Hah! I got it from the other end yesterday!

Was in M&S buying flowers for my mum & gran & dd3 (2.10) kept poking & prodding the plants & vases. After umpteen times of saying 'don't touch darling' I finally raised my voice & snapped 'dd leave that alone!' & got a row from an old lady who informed me that we all did things like that when we were wee.

Talk about a no-win situation

saff · 16/01/2008 14:04

i agree with domestic i spend alot of time abroad they actually like kids there which is some getting used to. sometimes if me and dh are eating out we have had people tell us how well behaved our kids are as if its an almost impossability i put it down to the fact we are not scared to socalize them (when in spain) wouldnt dare take them out here for fear of public flogging. I have just come back from supermarket and was told as i was zooming about to pick my bored whining toddler up poor kid shoulnt be dragged out shopping thanks for that i said but he may cry more when has no dinner then as i came out of shop i spotted the old bag driving out of a mum and toddler space ffs

Domesticgodless · 16/01/2008 15:23

poor kid shoulnt be dragged out shopping

wtf. It really beggars belief.

(Probably she says that because in her day kids could play out on the street all day. My mum used to do that, she was just 'put out' in the morning and told to 'get home for dinner'-
sometimes my gran would not be in so she had to wait by the door to be let in!! But I digress)

I heard a slightly younger (over 40- that does seem to be a pattern) woman tutting in Bluewater when some poor mother had a screaming newborn in a pram. The idiot said
'why do people bring their children out shopping?' Then she says, addressed to me and her friend 'When mine were little I just left them with a friend when I went shopping!'

Both of us said we had never had a single friend willing to take our children for that long. And anyway, er, aren't children allowed to cry in public??

Upwind · 16/01/2008 15:39

at the spinster remarks and the idea of the OP going back to have a go at the other customer.
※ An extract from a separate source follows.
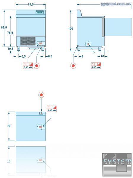 Габаритні, (ДхШхВ) див: 74,5x70x100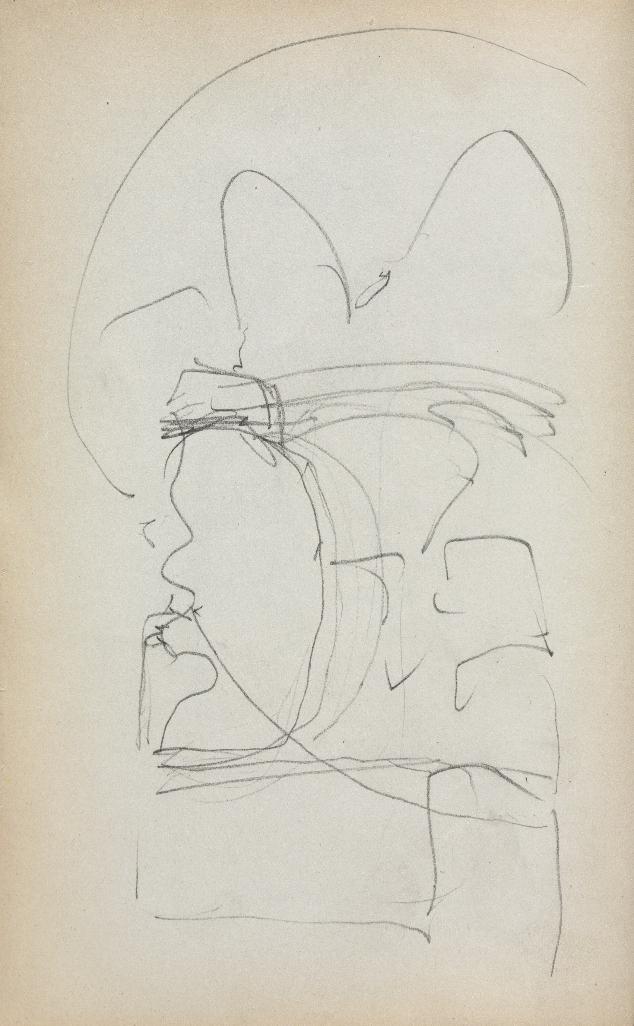 The image depicts a simple pencil sketch on off-white paper with darker edges. The sketch is an abstract drawing, primarily featuring curved and straight lines. It appears to contain a side profile of a person's face; the face is drawn in profile, facing left. The profile has a large hat or head covering. The facial features are minimal, with only a nose and mouth indicated. The background of the sketch is the off-white color of the paper, with no additional details or shading. The overall style of the sketch is loose and expressive, with many overlapping lines. The sketch takes up most of the page, but there is a significant border around it.

In shops, as long as they are not causing damage, dcs have a right to be there but it can be annoying. Once I was in a supermarket, doing my weekly shop when a child of about 3, started whacking me and other custormers about the legs with a toy sword. He was still doing the same at the checkouts. I was sorely tempted to confiscate the sword!
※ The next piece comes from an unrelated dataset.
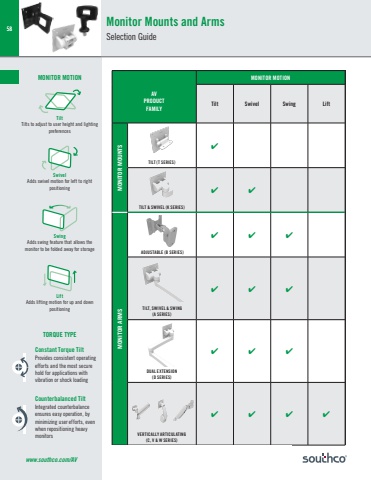 Dimensions in millimeters (inch) unless otherwise statedAVPRODUCTFAMILYMONITOR MOTIONTilt Swivel Swing LiftMONITOR MOUNTSTILT (T SERIES)✔TILT & SWIVEL (K SERIES)✔ ✔MONITOR ARMS ADJUSTABLE (B SERIES)✔ ✔ ✔ TILT, SWIVEL & SWING (A SERIES)✔ ✔ ✔DUAL EXTENSION (D SERIES)✔ ✔ ✔VERTICALLY ARTICULATING(C, V & W SERIES)✔ ✔ ✔ ✔58www.southco.com/AVMonitor Mounts and ArmsSelection GuideMONITOR MOTIONTiltTilts to adjust to user height and lighting preferencesSwivelAdds swivel motion for left to right positioningSwingAdds swing feature that allows the monitor to be folded away for storageLiftAdds lifting motion for up and down positioningTORQUE TYPEConstant Torque TiltProvides consistent operating efforts and the most secure hold for applications with vibration or shock loading Counterbalanced TiltIntegrated counterbalance ensures easy operation, by minimizing user efforts, even when repositioning heavy monitors

There are places where children should be kept very much under control or removed - funerals, weddings, graduations etc. My parents were gutted having travelled to my DB's graduation to be sat beside a screaming baby all the way through, at weddings I have been astonished as parents allow their toddlers run around the alter during the ceremony or stay in the church while their child's screams prevent anyone from hearing the vows.

Walnutshell · 16/01/2008 15:42

Bit at VS - you are getting strict lately!

As I often find recently, have to agree with mrsruffallo.

Children are people too and not many places are geared up for them - no wonder parents spend so much time stressed out in public...

Alambil · 16/01/2008 22:29

I wish I was brave enough to answer this properly, but I'm not so I'll simply say - I am totally with VS on this one!

fireflytoo · 17/01/2008 21:44

The more we take our children out in supermarkets, theaters, restaurantsn...the more they learn how to behave properly in these places... gradually through our example

catok · 17/01/2008 22:13

Microwaveonly - if only you'd had a moment to draw breath!
"Oh, darling, that's not YOUR shelf! I'll put you both back on your shelves when we get home!" Big smile at old hag, and triumphant exit.
If any shop has empty shelves at seating height, they can expect to have them perched on, surely? Either fill the shelves with something or remove the shelf.
DHs comment would be "If that's the nicest thing she's said today, then pity her sad little life."